GARDENING

Three Great Rare Seeds

The stories behind the fresh heirlooms and hybrids you should plant now

By Gino Cerruti June 3, 2013 Published in the June 2013 issue of Portland Monthly

In a city home to farmers market habitués and vegetable-obsessed gardeners, the quest for new flavors can lead deep into plant DNA. In recent seasons, Portland’s backyard sodbusters and home-style gourmets have flocked to old heirloom varieties abandoned by industrial agriculture and to hybrids that redefine old standards. “I think people are drawn to novelty in general,” says Harry Short of Dayton’s Mudjoy Farm. “Why not try the purple broccoli for a change?”

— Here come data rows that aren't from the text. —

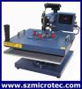 Half automatic shaking head double location heat press machine A Product characteristic: This aircraft electric appliance control uses the vanguard technology, under on mobile type work table the board accepts for printing the solid setting
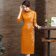 玲珑品智妈妈装短款秋装 2017新款复古桑蚕丝旗袍修身连衣裙Q1080
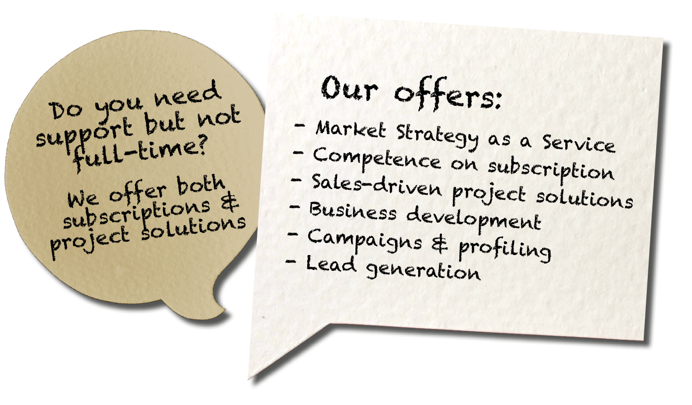 We understand the challenges and know how to overcome them. With 20+ years of experience in leading roles in business development and marketing in varied industries, we tailor the support that suits you. We combine strategic thinking with operational execution and always deliver very high quality. → Get to know us.
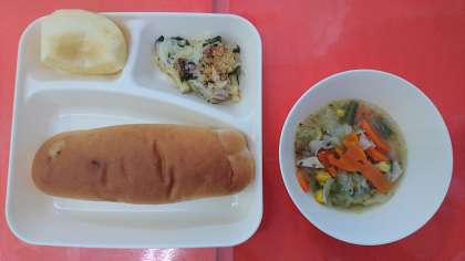 今日の献立は、「鶏肉と野菜のスープ煮」「ほうれん草のグラタン」「りんご」「レーズンパン」「牛乳」です。冬野菜のひとつ、ほうれん草を使用したグラタンです。下ゆでした鮮やかな緑色を残したほうれん草と、ホワイトソースの白色があざやかな目でも楽しめる献立です。冬のほうれん草は、夏のものにくらべ、2〜3倍のビタミンを含み、甘みが増して味もよいと言われます。今日のスープ煮には、フォークのかたちのラッキーにんじんがはいっていました。

Unusual seeds can offer nuanced tastes in the kitchen and a Portland-style dose of anti-establishment cred in the garden. And as these three choices available from Philomath’s Wild Garden Seed show, plants’ pedigrees can be as fascinating as their colors and flavors.

 

Image: Nomad

For more than one hundred years, a secretive Vermont family and trademark restrictions blocked the Gilfeather—which, despite being marketed as a turnip, is a form of rutabaga—from spreading beyond its creator’s farm. In 1995, the trademark lapsed and this green-topped, football-shaped root began to gather a cult following. Many claim it offers the same flavor and consistency as a potato due to its creamy, tender taste after cooking. But Short, who grows the Gilfeather, argues that it still retains its bitter rutabaga “essence.”

 

 

 

  

Image: Nomad

Frank Morton, owner of Wild Garden Seed, created this vibrant brassica by crossing broccoli with two different kinds of kale. Morton explains that he wanted to create “an eat-all broccoli that can be used at all stages of life, from seedlings through maturity.” The result of this racy interspecies ménage à trois is a multicolored plant with a striking look in the garden that produces edible leaves, florets, side shoots, and, of course, heads.

 

 

 

 

Image: Nomad

This new addition to Wild Garden’s lineup went through a Cascadian relay. Morton got his initial supply from farmers at Bellingham’s Uprising Seeds. Meanwhile, Junction City’s Groundworks Organics grew the variety in an on-farm trial, which led to a proclamation that Pokey Joe is the king of cilantros. (Morton calls this “a good example of the informal system by which small growers share information and genetics.”) Besides intensely green, pungent foliage, the variety is also noted for fantastic roots—a prized culinary ingredient.